Monorepo architecture: one repo, many projects
While building the M-Smart School platform, we decided to keep several apps (admin panel, teacher interface, mobile API, a shared UI library) in one repository. This is a monorepo — many projects in one repo. Below is why we chose this approach and how to build it, based on practice.
What is a monorepo?
A monorepo is an architecture where several independent projects (apps and libraries) live in a single version-control repository. The opposite approach — each project in its own repo — is called polyrepo.
When do you need a monorepo?
A monorepo isn't always the right choice. It shines in these cases:
- Several apps share common code (UI components, types, utilities)
- Frontend and backend types must stay in sync (end-to-end type safety)
- One team develops several related projects in parallel
Structure
A typical Bun workspaces monorepo structure looks like this:
my-monorepo/
├── apps/
│ ├── admin/ # Next.js admin panel
│ ├── api/ # Bun + Hono backend
│ └── mobile-api/
├── packages/
│ ├── ui/ # umumiy React komponentlar
│ ├── types/
│ └── config/
├── package.json
└── turbo.jsonWorkspaces definition
In the root package.json we declare the workspaces:
{
"name": "my-monorepo",
"private": true,
"workspaces": ["apps/*", "packages/*"],
"devDependencies": { "turbo": "^2.0.0" }
}Speeding up with Turborepo
As the monorepo grows, builds slow down.
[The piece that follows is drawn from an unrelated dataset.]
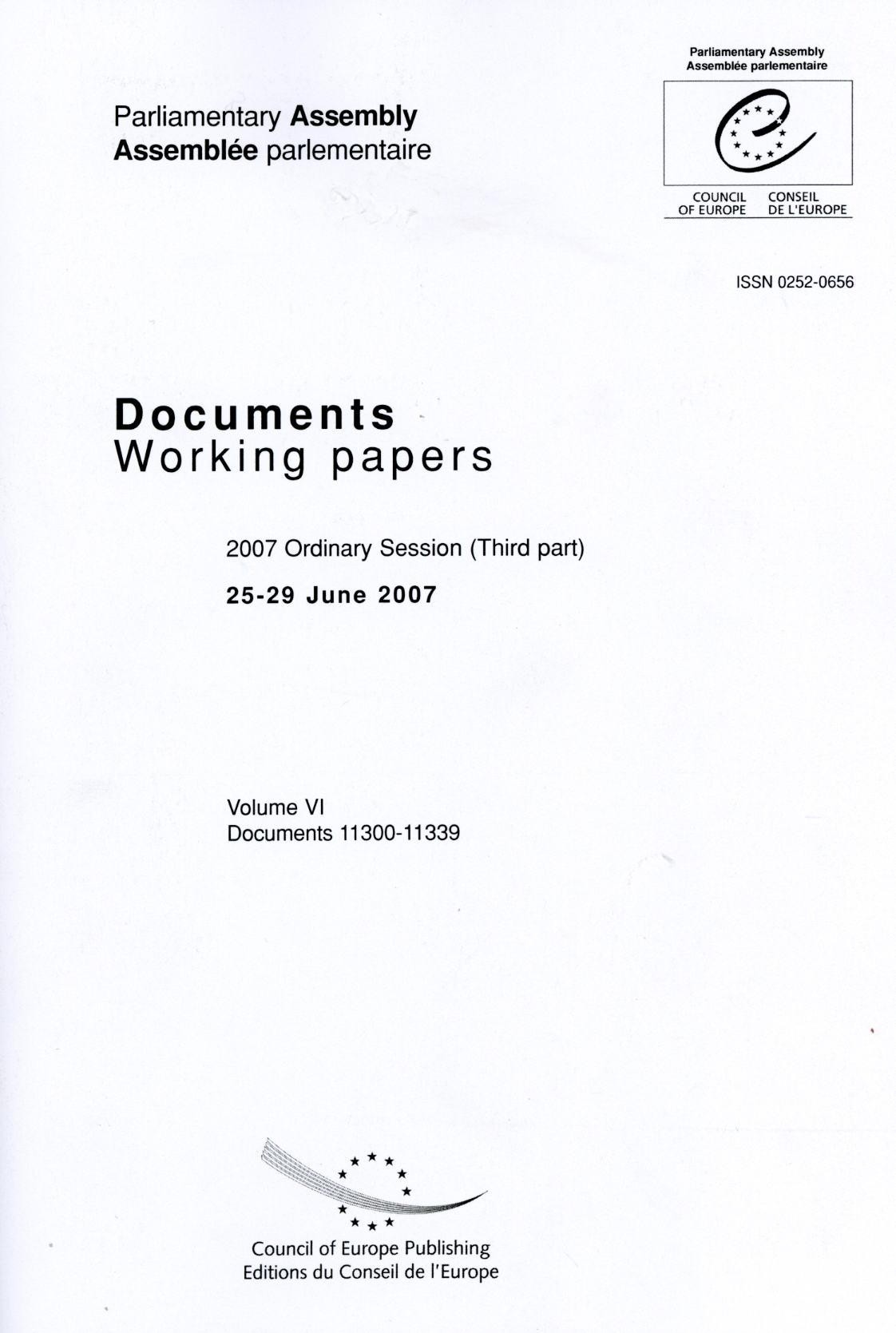 Volume V and VI bring together all the documents presented to the Parliamentary Assembly of the Council of Europe at the third part of the 2007 Ordinary Session (25-29 June 2007). The Assembly meets four times every year (January, April, June and October).The Parliamentary Assembly's publications include, among others, Adopted texts, the Official report of debates and Orders of the day and minutes of proceedings.

Turborepo solves this with caching and parallel execution. turbo.json defines the pipeline:
{
"$schema": "https://turbo.build/schema.json",
"tasks": {
"build": { "dependsOn": ["^build"], "outputs": [".next/**", "dist/**"] },
"dev": { "cache": false, "persistent": true }
}
}Practical workflow
Commands run from the root, and Turborepo figures out which packages to rebuild:
turbo dev
turbo build
turbo build --filter=adminPros and cons
- Pro: with shared types, frontend and backend never drift out of sync
- Pro: a change spanning several apps in one PR is atomic and consistent
- Con: CI/CD setup is more complex — you must deploy only the changed app
- Con: the repo grows, the entry barrier for newcomers is higher
Conclusion
If your projects share code and evolve together, the monorepo + Turborepo combo is powerful: type safety, atomic changes and fast builds. But be ready to pay with CI/CD complexity. For us at M-Smart School it was the right choice — but, as always, test it in your own context.